Книга: Двадцать тысяч лье под водой. Дети капитана Гранта. Таинственный остров
Назад: 11
Дальше: 13

12

Оснастка бота. – Нападение диких собак. – Юп ранен. – Юпа лечат. – Юп поправился. – Постройка бота закончена. – Пенкроф торжествует. – «Бонадвентур». – Первое плавание к южному берегу острова. – Бутылка в море

Вечером вернулись охотники – им повезло, и они буквально были увешаны дичью; они притащили ее столько, сколько в силах унести четыре человека. У Топа вокруг шеи висели связки шилохвостов, а у Юпа на поясе – кулики.

– Вот, мистер Сайрес, – воскликнул Наб, – мы на славу поработали! Сколько наготовим впрок копченой дичи, сколько вкусных паштетов! Но пусть кто-нибудь мне подсобит. Рассчитываю, Пенкроф, на тебя.

– Ну нет, Наб, – отозвался моряк. – Я занят оснасткой бота, обойдешься без меня.

– А вы, Герберт?

– Я, Наб, завтра еду в кораль.

– А вы, мистер Спилет, не поможете?

– Охотно помогу, Наб, только предупреждаю: пронюхаю о всех твоих кулинарных тайнах и напечатаю твои рецепты в газетах!

– Как вам будет угодно, мистер Спилет, – ответил Наб, – как вам будет угодно.

Итак, наутро Гедеон Спилет водворился в кухне и стал помогать Набу.
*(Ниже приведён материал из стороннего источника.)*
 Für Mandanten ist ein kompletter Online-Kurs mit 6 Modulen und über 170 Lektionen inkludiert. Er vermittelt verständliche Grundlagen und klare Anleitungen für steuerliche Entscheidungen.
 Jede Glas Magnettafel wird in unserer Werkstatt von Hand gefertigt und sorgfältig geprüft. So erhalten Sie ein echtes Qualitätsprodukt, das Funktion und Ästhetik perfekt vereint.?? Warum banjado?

А накануне инженер рассказал журналисту о том, как он обследовал колодец, и Гедеон Спилет согласился с Сайресом Смитом, считавшим, что там кроется какая-то тайна, хоть ничего и не удалось обнаружить.
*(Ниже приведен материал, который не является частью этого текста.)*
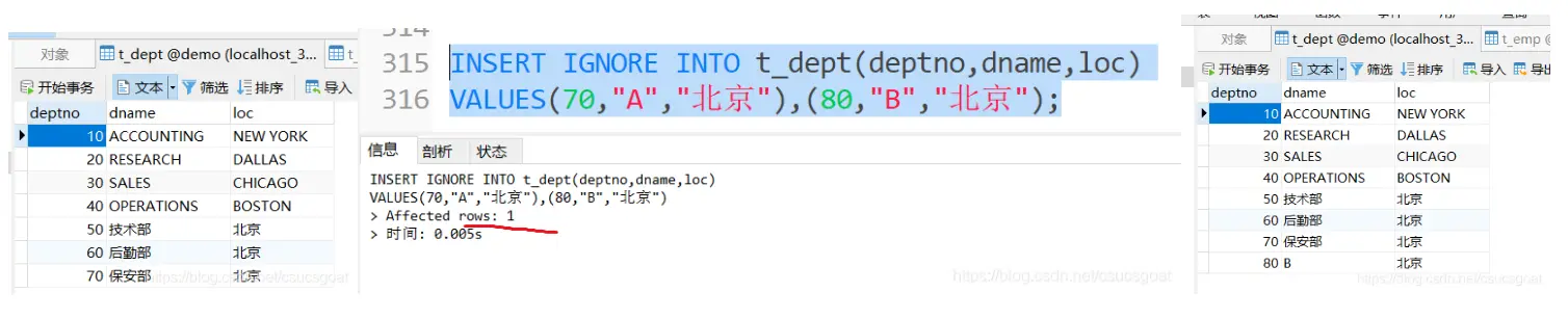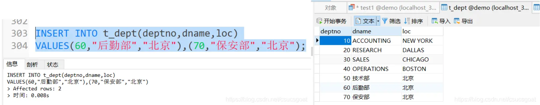 案例2:一次插入多条数据 :向t_dept表中增加多条记录;

Еще неделю держались холода; колонисты сидели дома и выходили лишь посмотреть, все ли благополучно в птичнике. В их жилище вкусно пахло – благоухали кушанья, искусно приготовленные Набом и журналистом; однако не всю дичь, подстреленную на болоте, заготовили впрок, удалось сохранить птицу и в свежем виде – на морозе; колонисты лакомились жарким из диких уток и другой дичины и похваливали, заявляя, что нет на свете ничего вкуснее водяной птицы.

Всю эту неделю Пенкроф с помощью Герберта, ловко управлявшегося с иглой, сшивал паруса и работал с таким рвением, что скоро все было готово. На снасти должны были пойти тросы, из которых была сплетена сетка, найденная вместе с оболочкой воздушного шара. Канаты и тросы отличались превосходным качеством, и моряк ими воспользовался. Паруса были обшиты прочными ликтросами; тросов хватило для изготовления фалов, вант, шкотов и прочего такелажа. По совету Пенкрофа Сайрес Смит выточил на токарном станке необходимые блоки. Таким образом, вся оснастка была изготовлена раньше, чем построили бот. Пенкроф даже смастерил флаг, расцветив белый фон красной и синей красками, добытыми из красящих растений, которых на острове было очень много. К тридцати семи звездам, изображающим тридцать семь штатов на флагах американских судов, моряк прибавил тридцать восьмую – звезду «штата Линкольна», ведь он считал, что остров уже присоединен к Американской республике.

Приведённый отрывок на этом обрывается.